Works With Local Models (Ollama)

Register Ollama models at $0.00 cost. The router sends trivial/simple work to local models and reserves cloud APIs for tasks that need them.

router = AdaptiveRouter("./routing_data")

router.register_model(ModelConfig(
    name="qwen3-8b-local",       # Ollama — $0/request
    tier_range=("trivial", "simple"),
    cost_per_1k_input=0.0,
    cost_per_1k_output=0.0,
))
router.register_model(ModelConfig(
    name="claude-sonnet-4",      # Cloud — moderate/complex
    tier_range=("simple", "complex"),
    cost_per_1k_input=0.003,
    cost_per_1k_output=0.015,
))

40% of typical requests route to local models ($0.00). At 1,000 requests/day, that's ~$10.80/day vs ~$18.00/day all-Sonnet.

The router doesn't call models — it tells you which one to use. Wire it to Ollama's API, LiteLLM, or any client you prefer.

Semantic Classification

TF-IDF with cosine similarity across ~50 labeled examples, not keyword matching.

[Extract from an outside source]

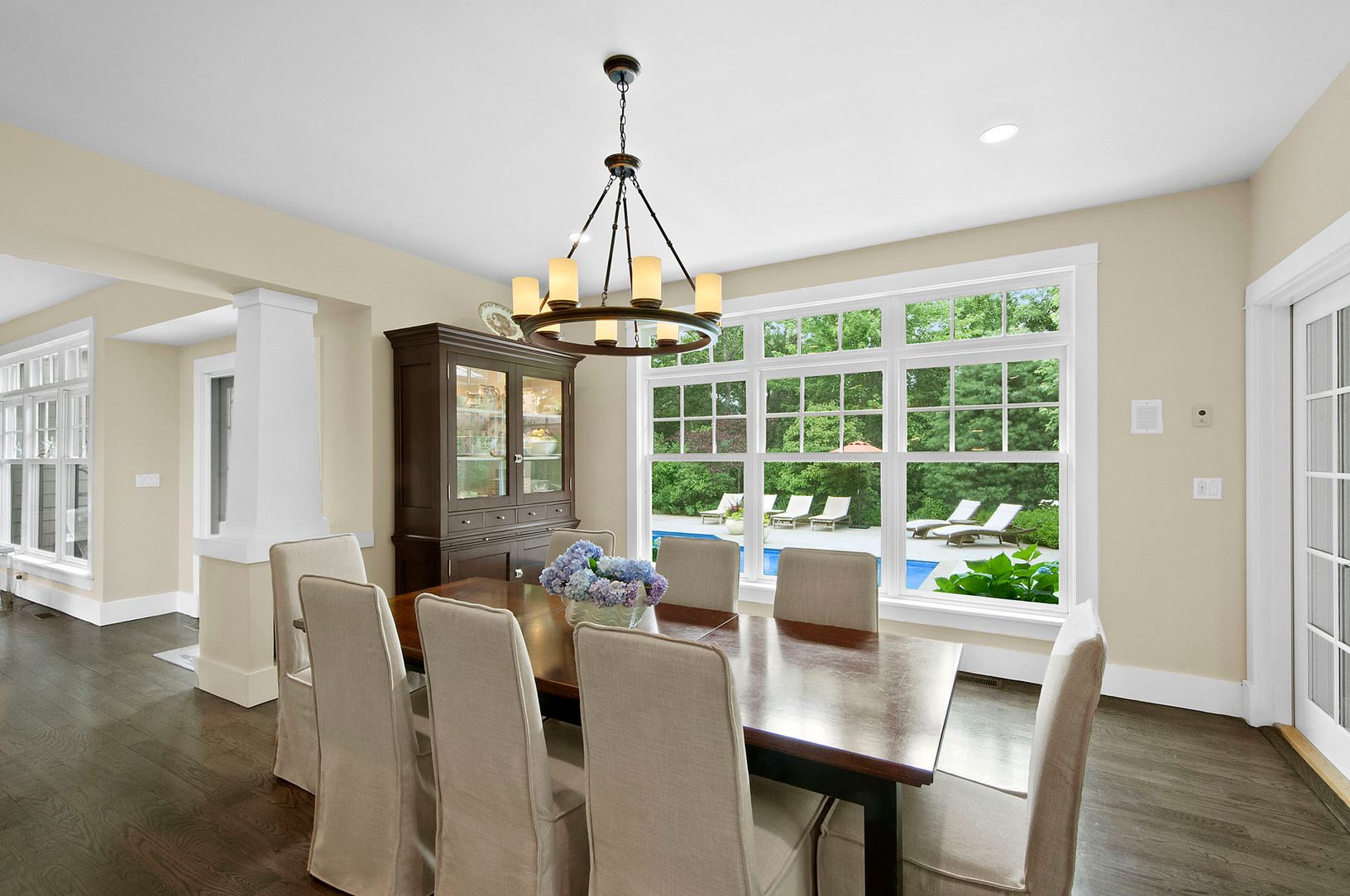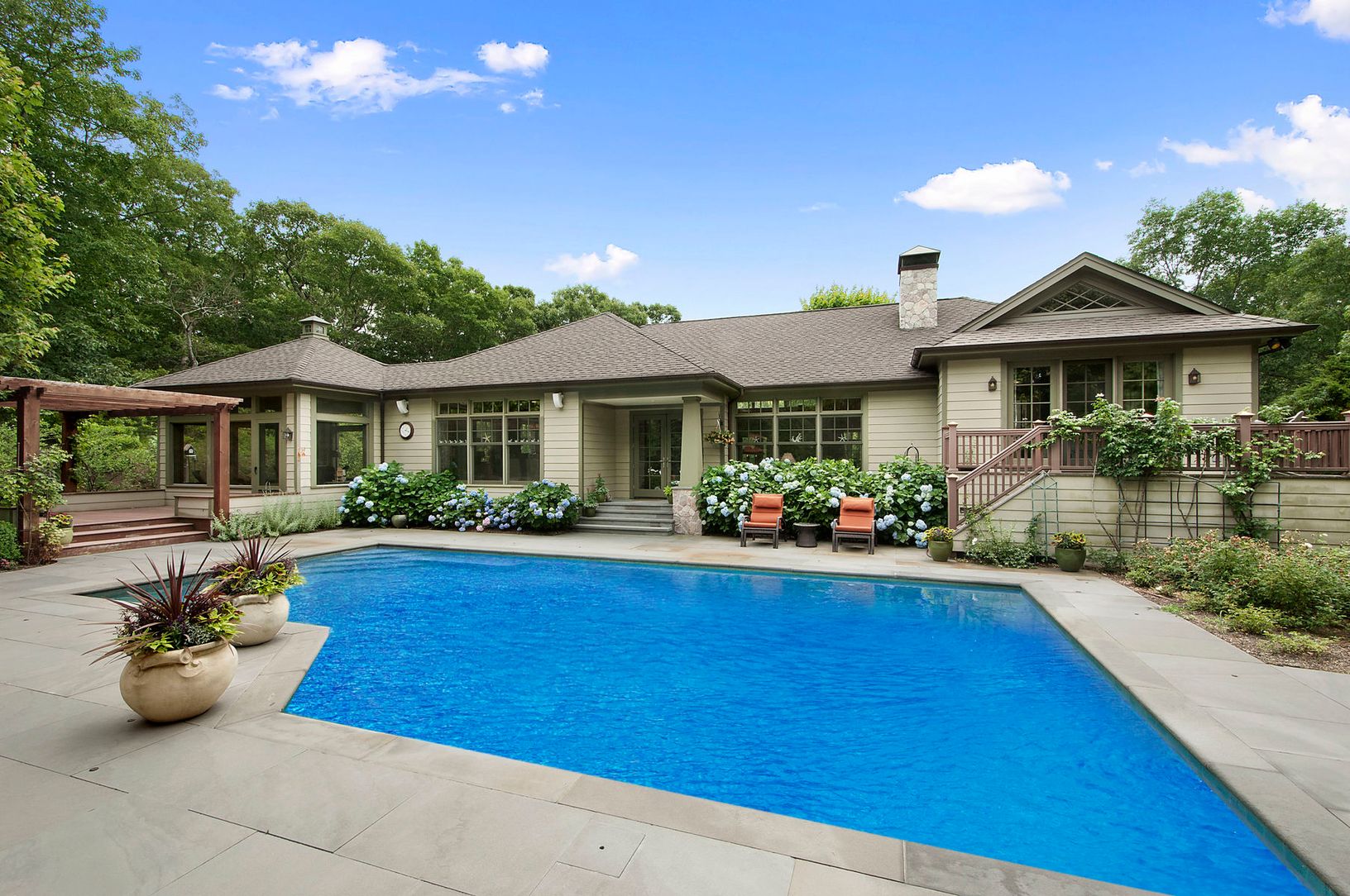 This secluded beauty is located in a desirable neighborhood of the Northwest Woods and brings a complete Hamptons home feel. Situated on a wooded cul-de-sac, this very private and luxurious home is an ideal place to enjoy peace and quiet. The main entrance brings your eye directly across the house to the dazzling pool area thanks to invisible screen doors and windows. The great room is the center of the house, opening up the entire house. With
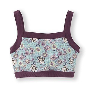 ブラやタイツには、イラスト調の花柄が落ち着いた色味であしらわれている。また、バイオレットとブラックの2色展開となるショーツは、ウエストのリブを太めにしてボクシングパンツの様に仕上げた。

Why not embeddings? Embeddings would be more accurate but require either an API call (defeats offline goal) or a model file (~100MB+). TF-IDF gets 80% of the benefit with zero dependencies.

Tiers

Tier	Description	Examples
trivial	One-line answers, lookups	"What is 2+2?", "Define photosynthesis"
simple	Short tasks, basic code	"Reverse a string", "Explain TCP vs UDP"
moderate	Multi-step implementation	"Build a REST API with auth", "Write a caching layer"
complex	Architecture, multi-system	"Design microservices for e-commerce", "Build a custom ORM"
expert	Full system design	"Architect a globally distributed database", "Design HFT platform"

Storage Format

routing_data/
├── routing_examples.json    # Labeled examples (seed + learned)
├── routing_model.json       # TF-IDF model (IDF weights, vocab)
├── routing_decisions.json   # Decision history for outcome learning
├── model_profiles.json      # Per-model per-tier quality scores
└── router_config.json       # Model registry and settings

All plain JSON. Inspect or edit with any text editor.

Architecture

AdaptiveRouter (v2/v3)
├── SemanticClassifier
│   └── TFIDFVectorizer     — Term weighting + cosine similarity
├── QualityTracker
│   ├── RoutingDecision     — Decision + outcome records
│   └── ModelProfiles       — Per-model per-tier quality scores
├── ContextAdjuster         — Iteration, conversation, expertise signals
├── FallbackChain           — Ordered model escalation
└── ABTester                — Validation routing (configurable %)

Router (v1/v3 with SLA)
├── TaskClassifier          — Keyword-based + structural classification
├── ModelRegistry           — Model capabilities and cost data
├── CostTracker             — Usage records, savings analysis
├── SLAMonitor              — Budget alerts, latency enforcement
└── ConfidenceRouter        — Score-weighted routing decisions

What It Doesn't Do

Not a proxy — doesn't forward requests to models. It tells you which model to use.
Not semantic search — no embeddings, no vector DB. Uses TF-IDF (bag-of-words with term weighting).
Not real-time market data — doesn't track live model pricing or availability.
Classification is statistical, not perfect — edge cases exist. Use teach() to correct them.
Quality tracking requires your feedback — call report_outcome() after using the model, or the router can't learn.

Legacy API

The v1 keyword-based router is still available and fully supported:

from antaris_router import Router  # v1 API (now with v3 SLA features)
router = Router(config_path="./config")
decision = router.route("What's 2+2?")

We recommend AdaptiveRouter for new code. Migrate when you're ready — there's no rush.

Running Tests

git clone https://github.com/Antaris-Analytics/antaris-router.git
cd antaris-router
pip install pytest
python -m pytest tests/ -v

All 194 tests pass with zero external dependencies (pytest is the only test runner needed).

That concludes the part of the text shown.